Saturday, June 9, 2007

Landing News

Landing News

Northern Lites has returned to its natural habitat, Discovery, the one time mine and its now burned down town site. I am behind with Northern Lites in Exile III, it is though post to fit together. So a short up date on being back in the north will fill in for it.

I miss the South. In the Okanagan 30 degree weather was enjoyed in the presences of mountains with real trees and nights with darkness. In the Kootenays I spent time living the slow life and afternoon naps. I did not full adjust to the heat or the short days. Failure to adapt to those features of climate and latitude is a sign latitude shock.
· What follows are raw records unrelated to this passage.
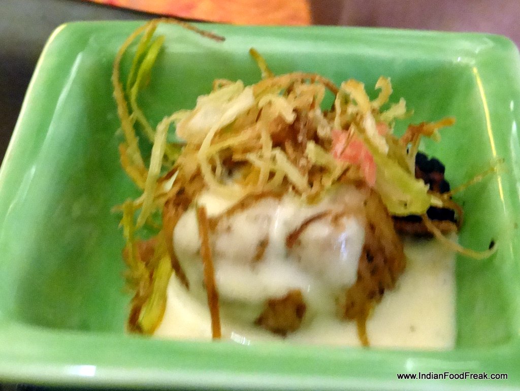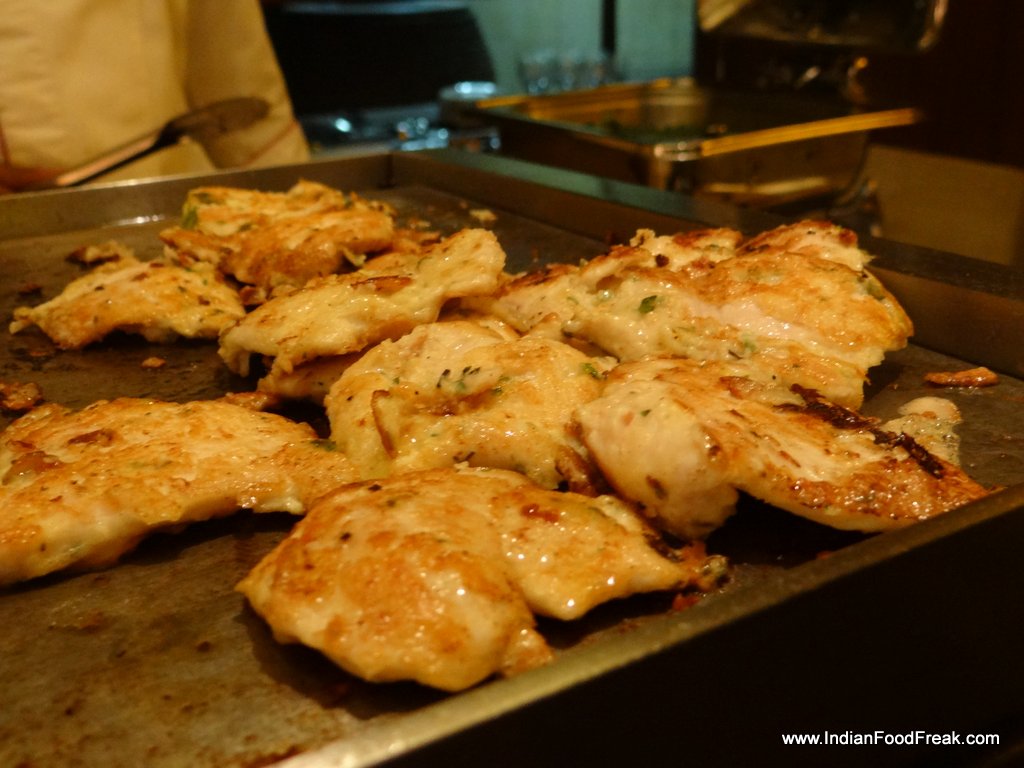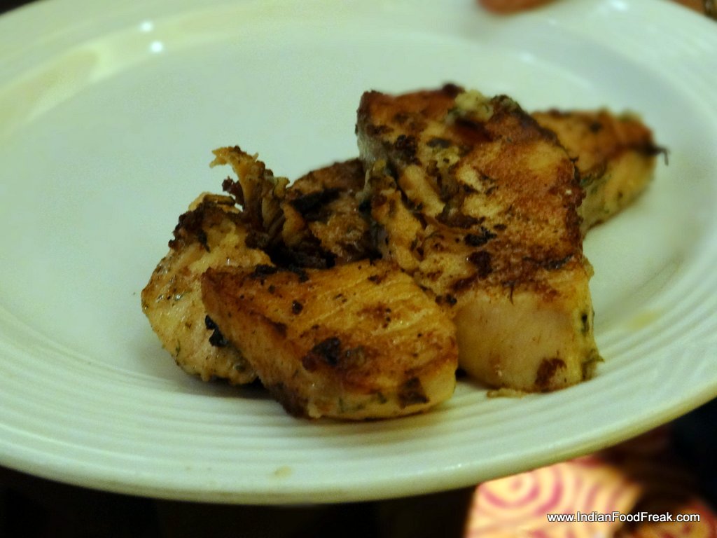 I am still to eat better scallops in India. The salmon ceviche is outstanding and keeps us glued near the table where it is kept. Jerk marinated lamb empanada is equally interesting but calamari is a disappointment with its tough and chewy texture. The pan seared Chilean scallops are kept near the mains but do not miss my sharp eyes. It is again a treat with its soft and melt-in-the-mouth texture with crispy fried and ginger pickle providing a bite.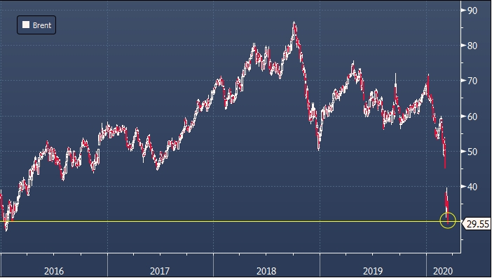 Фьючерсы на нефть Brent по итогам торгов в понедельник, 16 марта, упали на 12,5% до $29,61 за баррель. Впервые за 4 года и 3 месяца торговая сессия закрывается ниже $30 за баррель. С начала года североморский сорт упал на 55%.
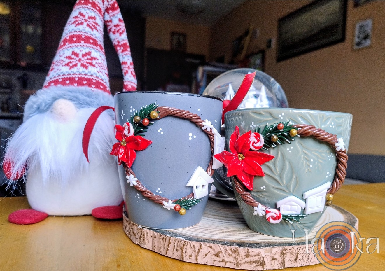 Искате ли неповторим подарък за Коледа за вашите близки? Тази чаша, декорирана ръчно с полимерна глина с елхов венец няма аналог и не може да се повтори, ще зарадва всеки ценител на ръчно изработеното. То носи смисъл и много послание.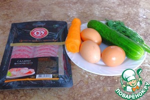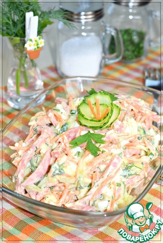 Предлагаю вам, уважаемые поварята, приготовить этот простой и вкусный салат, в котором острая нотка сырокопченой колбасы уравновешивается свежестью огурца и моркови.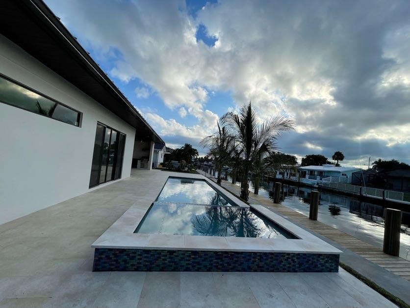 New construction/waterfront in East Pompano Beach, canal front, ocean access home designed to provide the best Florida living lifestyle. New 65 feet private dock/seawall, heated pool & spa, large covered patio, cabana bath and outdoor kitchen. Step inside to a luxury finished modern interior, high ceilings, simple one story living, European porcelain tiles throughout entire home, marble baths, custom cabinetry & closets, high end appliances and plumbing fixtures. 4 beds, 1 master, 1 en-suite, 3 full baths, 2 half baths. Built for the peace of mind with many upgrades, high impact doors & windows, metal roof. Only a few min to the beach, amazing restaurants, airport and Fort Lauderdale. Ready to move in December 2021. By appointment only!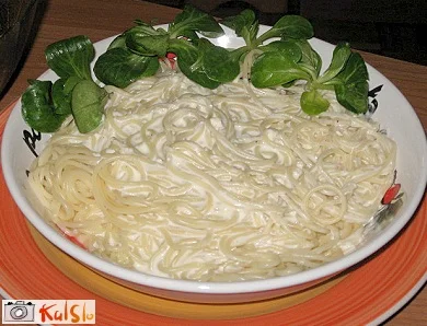 Krasna omaka za špagete. Količina je zadostovala za 4 lačne, le malo več špagetov smo skuhali. Zelo dobro, za moj okus bi sicer lahko bilo brez vina, a ostalim je bilo zelo všeč. V bazi je še nekaj zelo sličnih receptov, bomo počasi preizkusili vse, pa da vidimo, kateri je najboljši. Mah kaj, ko pa imamo strašno radi tako testenine v kakršnikoli obliki, kot sire - posebej take bolj pikantne ![]()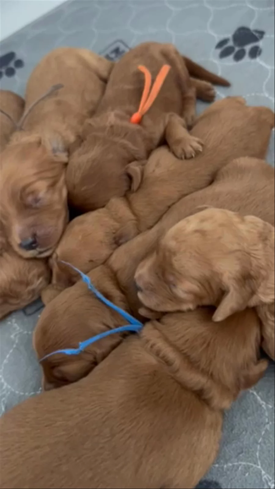 Cockapoo puppies include merle, brown and white, and brown roan. Goldendoodle puppies include apricot, red, chocolate, black, phantom, and merle. Labrador Retriever puppies are yellow. Colors will vary depending on the parent dogs.

Jet lag is not an issue with where I fly to and from as there is only an hour difference between Yellow Knife and Kelowna, but there is latitude shock. Jet upsets the body by creating a large difference between the time your body things it is and what it is where you have ended up at the end of your trip. Jet lag has a strong association with travel from West to East or East to West flights.

Latitude shock is well more of a mental hick up, or feels that way to me at least. In traveling between 51N and 63N, I bearly move out of my native time zone but the dynamic geometry between the tilted Earth and the sun conspire to have its own effects. It comes down to the expectation of day length. The north swings between extremes and we are currently at the bright phase with the sun shining well past bed time and even thought I am too far south for true 24 hour day light it might as well be so for me as I do not see it rise or set. The south on the other hand, even though 51N still has strong variations during the year lacks the never ending brightness. As a result as I spend time off I am surprised to see the sun set and almost fail to plan for the idea of darkness.

Ironically my first latitude shock came from a visit to Hawaii. Though I understood that the tropics have nearly perfect 12 hour day night cycles all year long the application was still a shock. Hawaii has a beautiful tropical climate and to my Canadian mind warm temperatures come with long days. It really came home on our marathon hike in to the crater, we that is 9 of the 12 of us on that trip had added a new leg to the hike down into the crater. This was not planed for and brought the out bound leg of the hike to close to three hours. It was 2:30 by the time we were at the fumerals and looking through binoculars at the sky light on Pu o' o'. Leaving us with 3 hours to hike back with no twilight to stretch the evening, for not only does the tropical sun set quickly and early it darkens just as fast.

Back up north I had a fine and pleasant first full day back. I have returned to logging on the porch which today happened to be cold and windy with the days temp being close to 10 in the sun, it was a fine misery.